Exercise prompt:
Return each record verbatim, images excluded.

Exercise inputs:
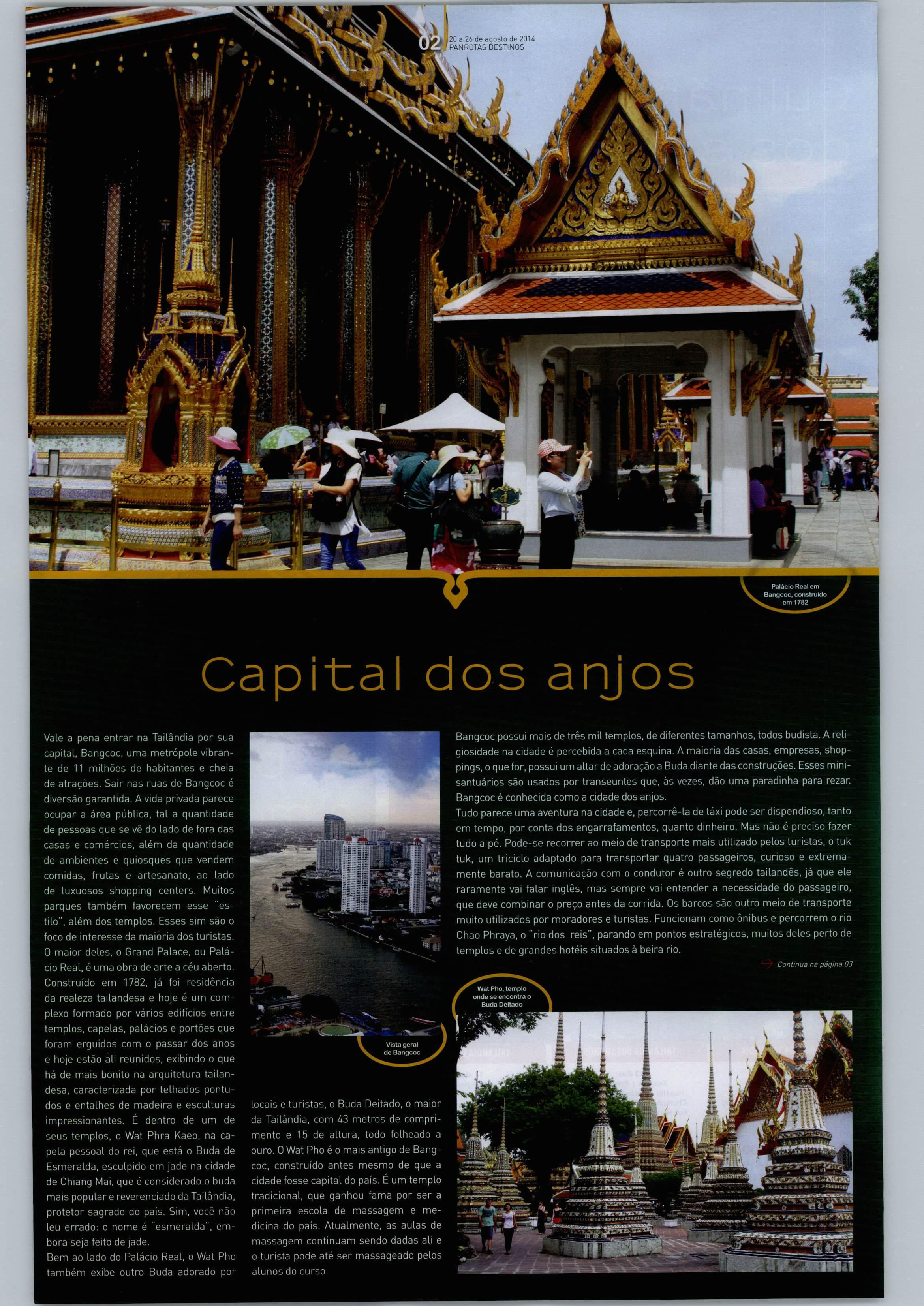 Vale apena entrar naTailândiapor sua capital,Bangcoc.uma metrópole vibran te de 11 milhões de habitantes e cheia de atrações. Sairnas ruas deBangcocé diversão garantida. Avidaprivada parece ocupar aárea pública, tala quantidade de pessoas quesevêdoladodefora das casas e comércios, além da quantidade de ambientes e quiosques que vendem comidas, frutas e artesanato, ao lado de luxuosos shopping centers. Muitos parquestambém favorecem esse"es tilo", além dos templos. Esses sim são o foco de interesse da maioria dos turistas. O maior deles, o Grand Palace, ou Palá cioReal.é uma obra de arte a céu aberto. Construídoem 1782, já foi residência darealeza tailandesa ehojeéumcom plexoformadoporváriosedifíciosentre templos, capelas, palácios e portões que foram erguidos como passar dos anos ehoje estão ali reunidos, exibindooque háde mais bonito na arquitetura tailan desa. caracterizada por telhados pontudos e entalhes de madeira e esculturas impressionantes. É dentro de um de seus templos,oWatPhraKaeo,naca pelapessoaldorei,queestáoBudade Esmeralda, esculpido em jade na cidade deChiangMai.queé considerado obuda maispopularereverenciadoda Tailândia, protetor sagrado dopaís.Sim.vocênão leu errado: o nome é "esmeralda", em bora seja feitode jade. Bem ao lado do Palácio Real. o Wat Pho também exibe outro Buda adorado por
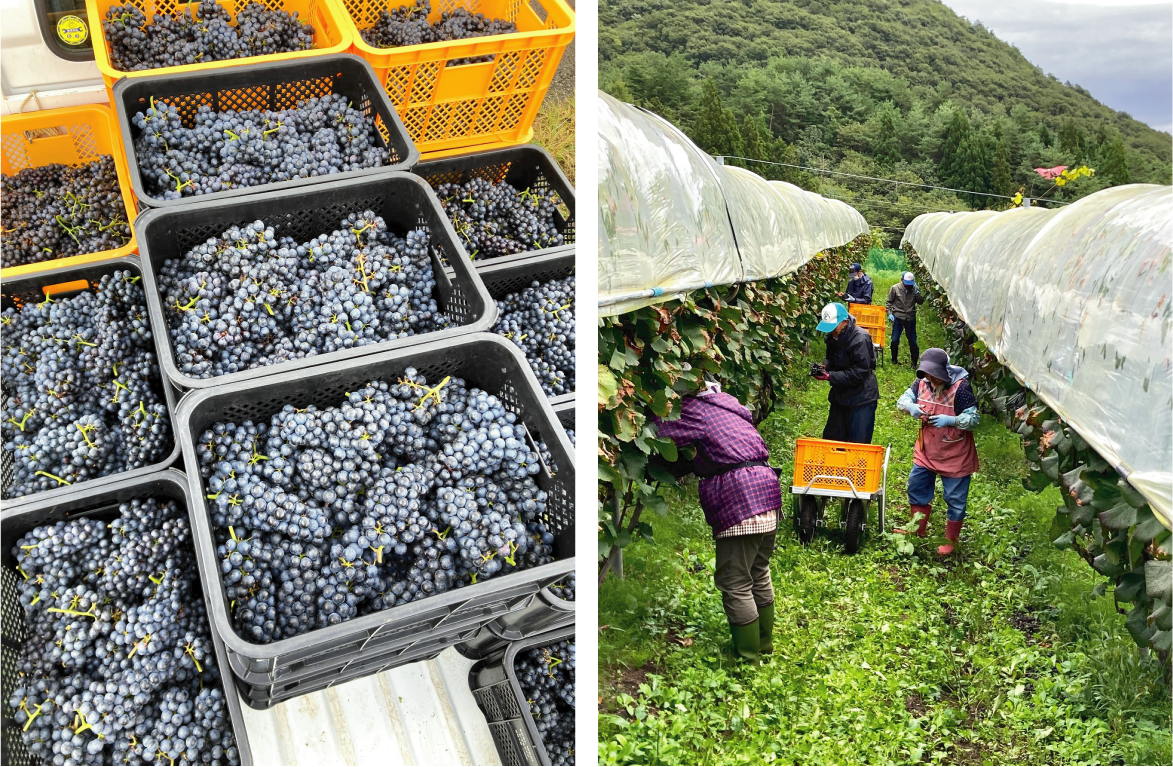 ワインのスタイルは「大迫町らしさを健全なぶどうだけで表現したクリアなワイン」。冷涼な酸味と果実味があり、重くないがエキス感があって飲み心地がいい。そんな大迫町らしさをワインで表現しています。栽培で最も重視しているのは、ヴェレゾン期(色づき)までに房の健全性を保つこと。ひと房ひと房、病果を丁寧に取り除くことで、収穫時期に選果をしなくても健全なぶどうだけを収穫することができます。結果として、健全な発酵を促し、クリアな味わいのワインに仕上がります。
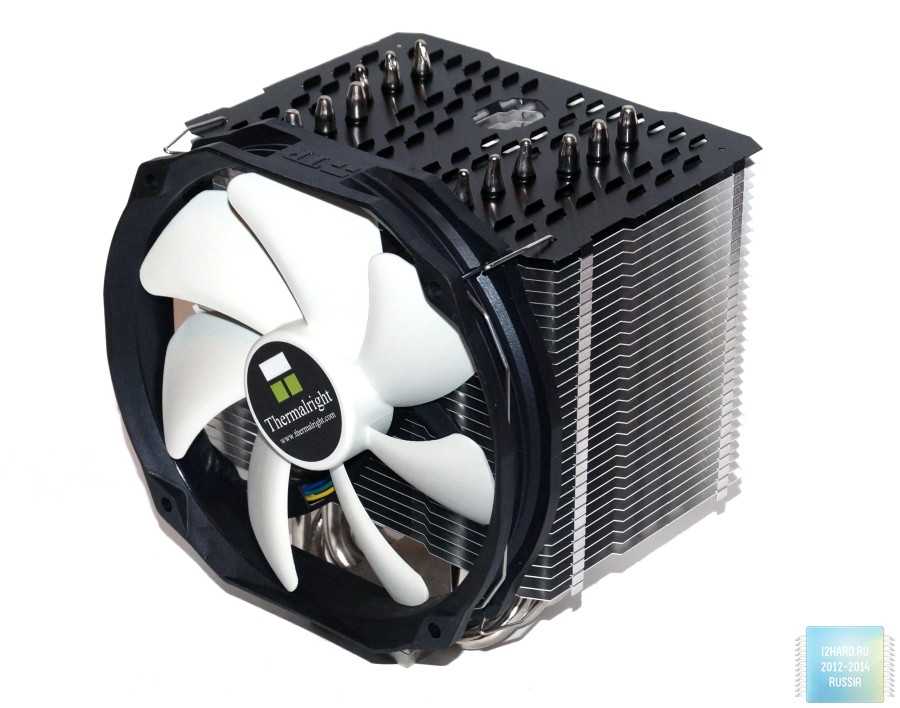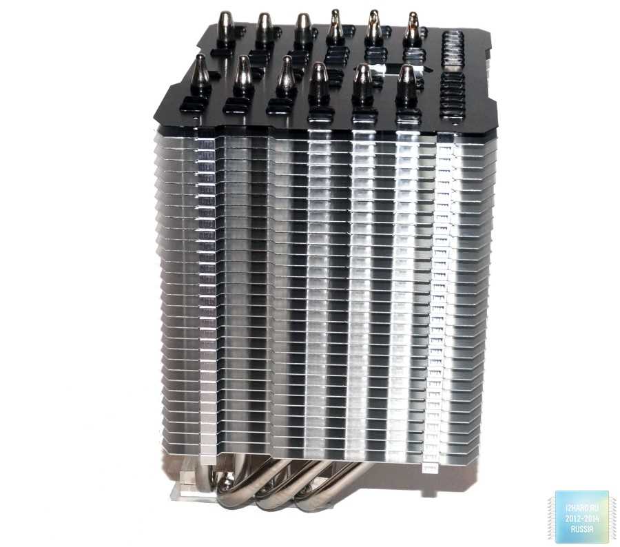 Восемь тепловых трубок, огромный вес разделенного на две части радиатора и два больших кулера способны охладить пыл самого мощного процессора в экстремальном разгоне.
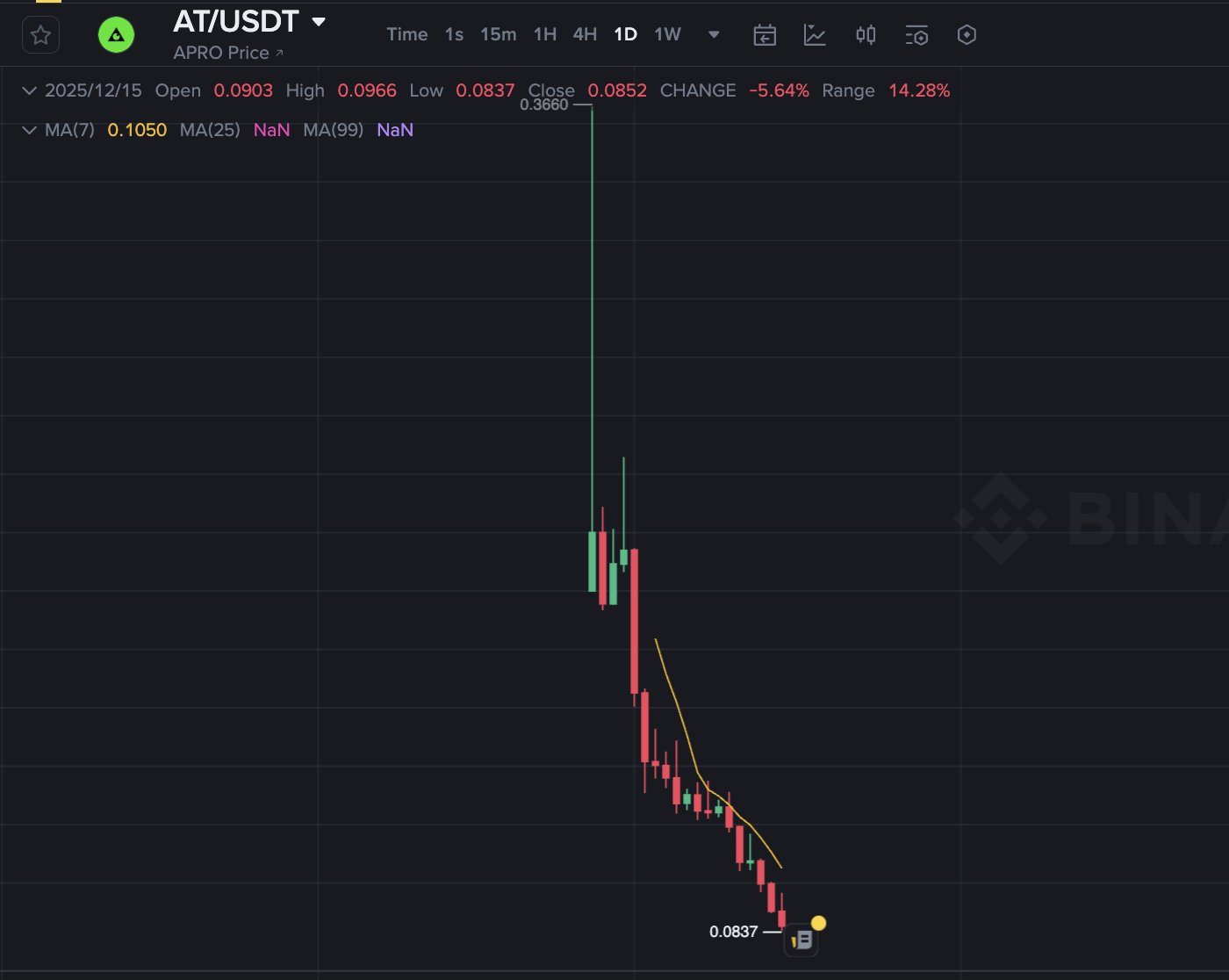 19 1 3.05K Original >Trend of AT after releaseExtremely BullishAPRO is an AI-native oracle, secured $3 million financing, and its token AT is already listed on Binance.
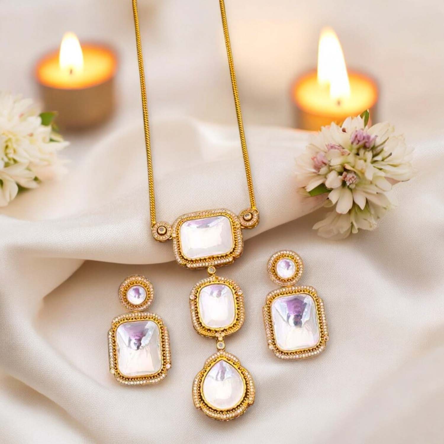 This necklace is the ultimate accessory option for the festive season. This set has a gorgeous circular floral pattern. The necklace has vibrant pearl detailing all over. The set also has a bright element of Kundan detailing in its structure. So, don't miss out on this gorgeous necklace set this eventful season as you have ramps to walk ahead.
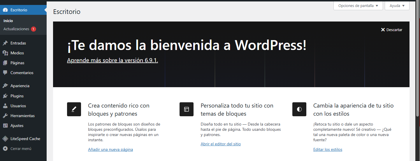 Quan la barra de progrés acabi, ja tindràs el teu nou web llista i a punt per fer-lo servir.
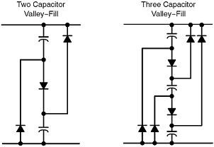 業(yè)界有關無源(Passive)功率因數校正(PFC)的方案眾多,這些方案通常都使用較多的額外元器件,其中的一種方案就是谷底填谷(valley-fill)整流器,其中采用的電解電容和二極管組合增大了線路頻率導通角,從而改善功率因數。實際上,這個過程利用高線路電壓以低電流給串聯電容充電,然后在較低電壓時以較大電流讓電容放電給開關穩(wěn)壓器。典型應用使用2個電容和3個二極管,而要進一步增強功率因數性能,則使用3顆電容和6個二極管。
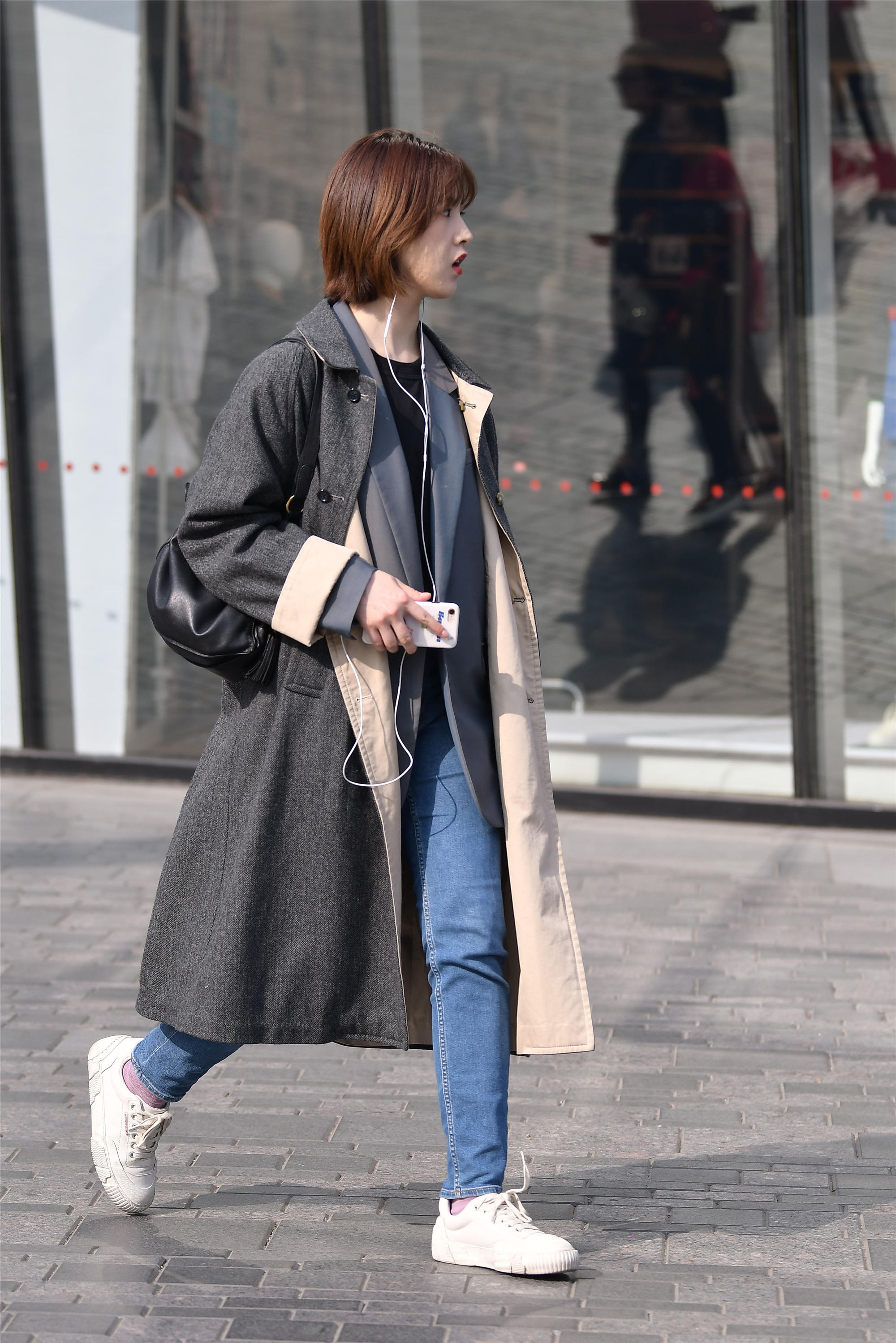 不同的姑娘,会喜欢不同的风格搭配,都是穿着风格,却有人搭配的成熟,有人搭配的休闲,很难说哪种风格最后看,主要还是看个人的喜欢,这位小姐姐的搭配,很简约的风格,深灰色的大衣,内衬是卡其色,灰色休闲西装搭配在里面,看着是不是还有些正式的感觉,但是搭配修身牛仔裤和一双白色运动鞋,一下子有了运动风格,她的短款发型显得很精致。

Response to this exercise:
 Vale apena entrar naTailândiapor sua capital,Bangcoc.uma metrópole vibran te de 11 milhões de habitantes e cheia de atrações. Sairnas ruas deBangcocé diversão garantida. Avidaprivada parece ocupar aárea pública, tala quantidade de pessoas quesevêdoladodefora das casas e comércios, além da quantidade de ambientes e quiosques que vendem comidas, frutas e artesanato, ao lado de luxuosos shopping centers. Muitos parquestambém favorecem esse"es tilo", além dos templos. Esses sim são o foco de interesse da maioria dos turistas. O maior deles, o Grand Palace, ou Palá cioReal.é uma obra de arte a céu aberto. Construídoem 1782, já foi residência darealeza tailandesa ehojeéumcom plexoformadoporváriosedifíciosentre templos, capelas, palácios e portões que foram erguidos como passar dos anos ehoje estão ali reunidos, exibindooque háde mais bonito na arquitetura tailan desa. caracterizada por telhados pontudos e entalhes de madeira e esculturas impressionantes. É dentro de um de seus templos,oWatPhraKaeo,naca pelapessoaldorei,queestáoBudade Esmeralda, esculpido em jade na cidade deChiangMai.queé considerado obuda maispopularereverenciadoda Tailândia, protetor sagrado dopaís.Sim.vocênão leu errado: o nome é "esmeralda", em bora seja feitode jade. Bem ao lado do Palácio Real. o Wat Pho também exibe outro Buda adorado por
 ワインのスタイルは「大迫町らしさを健全なぶどうだけで表現したクリアなワイン」。冷涼な酸味と果実味があり、重くないがエキス感があって飲み心地がいい。そんな大迫町らしさをワインで表現しています。栽培で最も重視しているのは、ヴェレゾン期(色づき)までに房の健全性を保つこと。ひと房ひと房、病果を丁寧に取り除くことで、収穫時期に選果をしなくても健全なぶどうだけを収穫することができます。結果として、健全な発酵を促し、クリアな味わいのワインに仕上がります。
 Восемь тепловых трубок, огромный вес разделенного на две части радиатора и два больших кулера способны охладить пыл самого мощного процессора в экстремальном разгоне.
 19 1 3.05K Original >Trend of AT after releaseExtremely BullishAPRO is an AI-native oracle, secured $3 million financing, and its token AT is already listed on Binance.
 This necklace is the ultimate accessory option for the festive season. This set has a gorgeous circular floral pattern. The necklace has vibrant pearl detailing all over. The set also has a bright element of Kundan detailing in its structure. So, don't miss out on this gorgeous necklace set this eventful season as you have ramps to walk ahead.
 Quan la barra de progrés acabi, ja tindràs el teu nou web llista i a punt per fer-lo servir.
 業(yè)界有關無源(Passive)功率因數校正(PFC)的方案眾多,這些方案通常都使用較多的額外元器件,其中的一種方案就是谷底填谷(valley-fill)整流器,其中采用的電解電容和二極管組合增大了線路頻率導通角,從而改善功率因數。實際上,這個過程利用高線路電壓以低電流給串聯電容充電,然后在較低電壓時以較大電流讓電容放電給開關穩(wěn)壓器。典型應用使用2個電容和3個二極管,而要進一步增強功率因數性能,則使用3顆電容和6個二極管。
 不同的姑娘,会喜欢不同的风格搭配,都是穿着风格,却有人搭配的成熟,有人搭配的休闲,很难说哪种风格最后看,主要还是看个人的喜欢,这位小姐姐的搭配,很简约的风格,深灰色的大衣,内衬是卡其色,灰色休闲西装搭配在里面,看着是不是还有些正式的感觉,但是搭配修身牛仔裤和一双白色运动鞋,一下子有了运动风格,她的短款发型显得很精致。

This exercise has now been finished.